Aim of the exercise.
Omit all images, then repeat exactly the lines below from the one containing "Picture of Sterling" through the one containing "Sofa Cover Knitted", both ends included.

Data for processing.

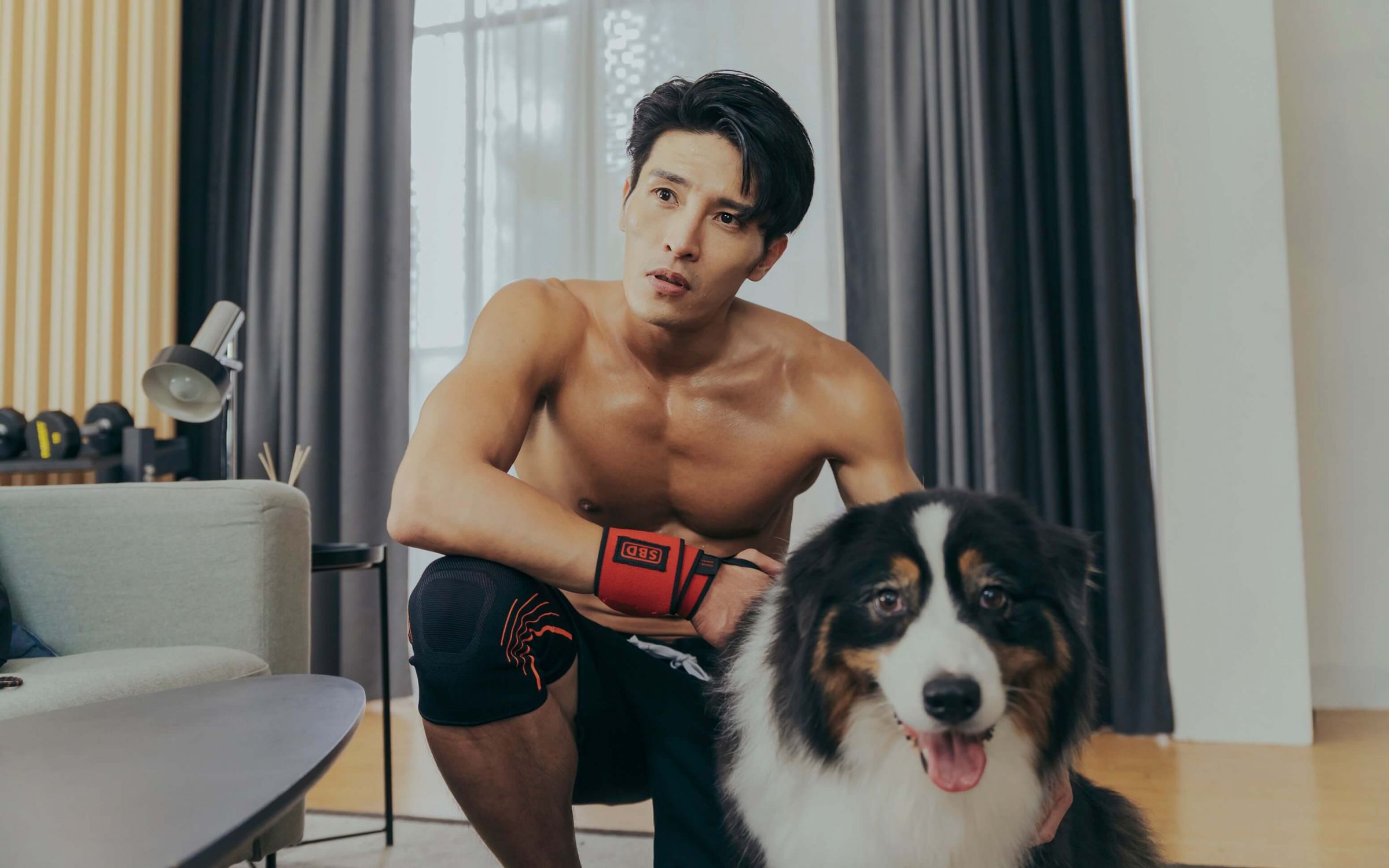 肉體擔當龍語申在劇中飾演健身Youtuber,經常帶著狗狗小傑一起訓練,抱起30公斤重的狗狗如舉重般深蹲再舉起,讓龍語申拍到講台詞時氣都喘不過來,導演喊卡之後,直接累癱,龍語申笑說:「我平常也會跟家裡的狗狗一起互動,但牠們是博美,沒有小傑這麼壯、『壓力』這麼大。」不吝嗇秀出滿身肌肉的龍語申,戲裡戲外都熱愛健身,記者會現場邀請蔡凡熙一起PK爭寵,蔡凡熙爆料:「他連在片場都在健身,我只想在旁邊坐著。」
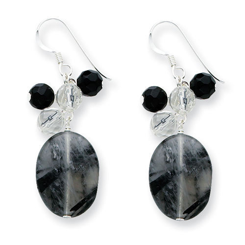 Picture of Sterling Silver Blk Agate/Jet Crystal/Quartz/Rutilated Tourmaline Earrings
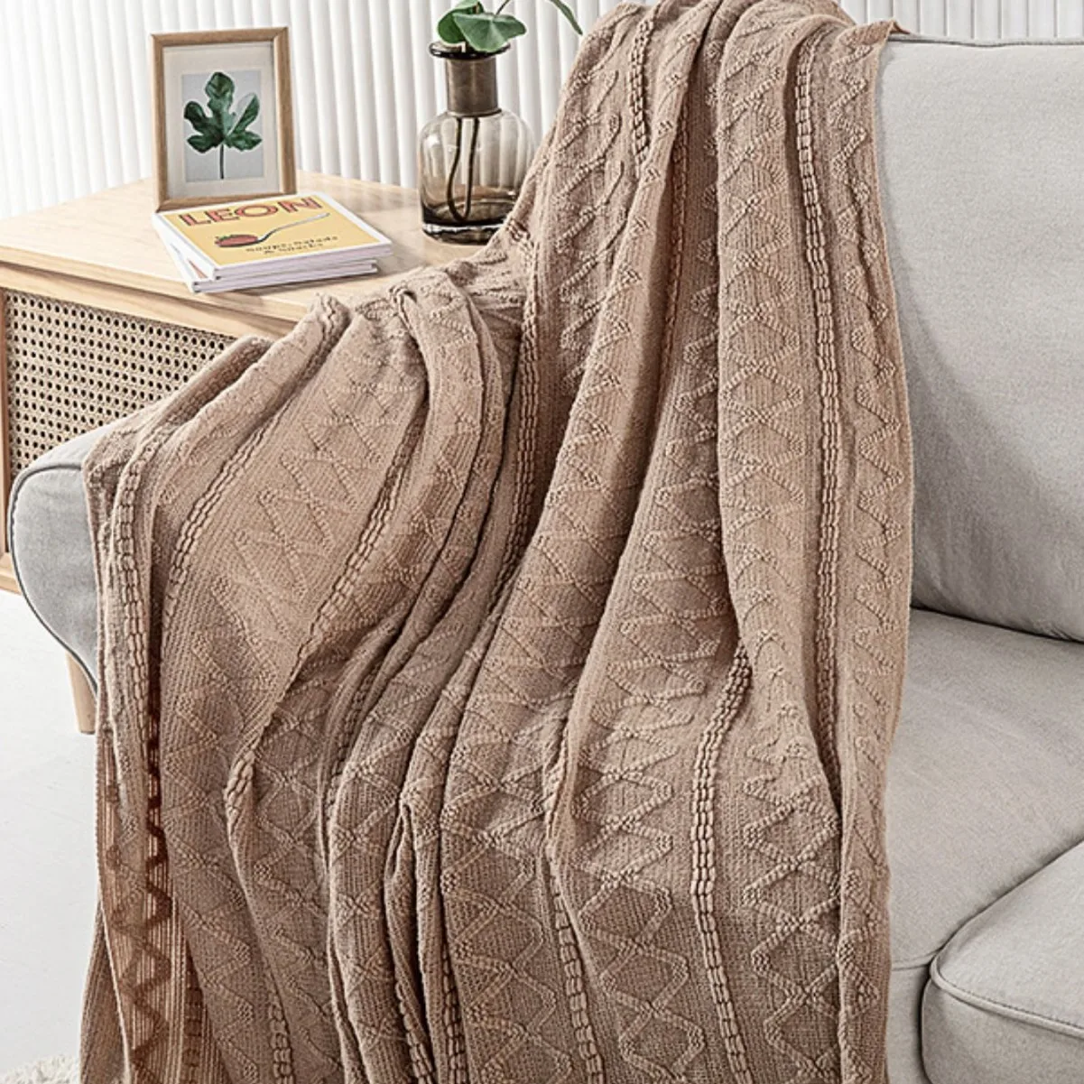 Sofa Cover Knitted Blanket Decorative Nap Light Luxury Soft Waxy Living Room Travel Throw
---
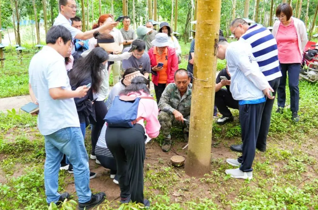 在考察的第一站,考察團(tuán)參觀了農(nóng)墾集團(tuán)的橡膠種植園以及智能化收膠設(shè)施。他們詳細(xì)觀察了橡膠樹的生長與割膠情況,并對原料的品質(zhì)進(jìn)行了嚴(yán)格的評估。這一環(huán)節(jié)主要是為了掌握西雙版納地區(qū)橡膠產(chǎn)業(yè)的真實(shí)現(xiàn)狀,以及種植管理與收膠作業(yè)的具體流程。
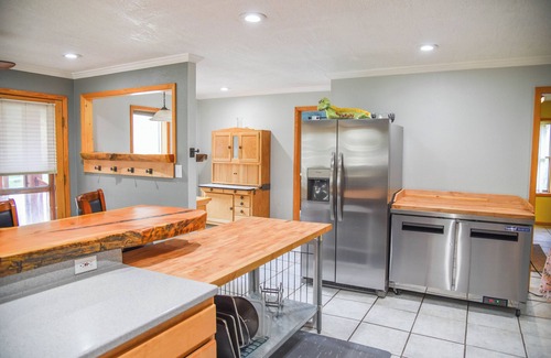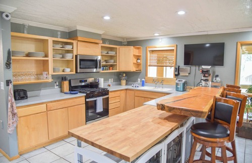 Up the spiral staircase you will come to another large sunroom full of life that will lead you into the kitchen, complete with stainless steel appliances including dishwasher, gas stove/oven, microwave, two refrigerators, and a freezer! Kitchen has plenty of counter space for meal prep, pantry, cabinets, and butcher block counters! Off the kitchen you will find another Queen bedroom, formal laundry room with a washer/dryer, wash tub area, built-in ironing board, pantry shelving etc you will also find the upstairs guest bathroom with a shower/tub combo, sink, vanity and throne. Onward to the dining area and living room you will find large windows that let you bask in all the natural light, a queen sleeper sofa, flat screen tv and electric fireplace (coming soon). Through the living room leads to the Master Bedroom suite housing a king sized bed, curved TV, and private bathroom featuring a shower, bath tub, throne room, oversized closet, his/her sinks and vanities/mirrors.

Answer section.
 Picture of Sterling Silver Blk Agate/Jet Crystal/Quartz/Rutilated Tourmaline Earrings
 Sofa Cover Knitted Blanket Decorative Nap Light Luxury Soft Waxy Living Room Travel Throw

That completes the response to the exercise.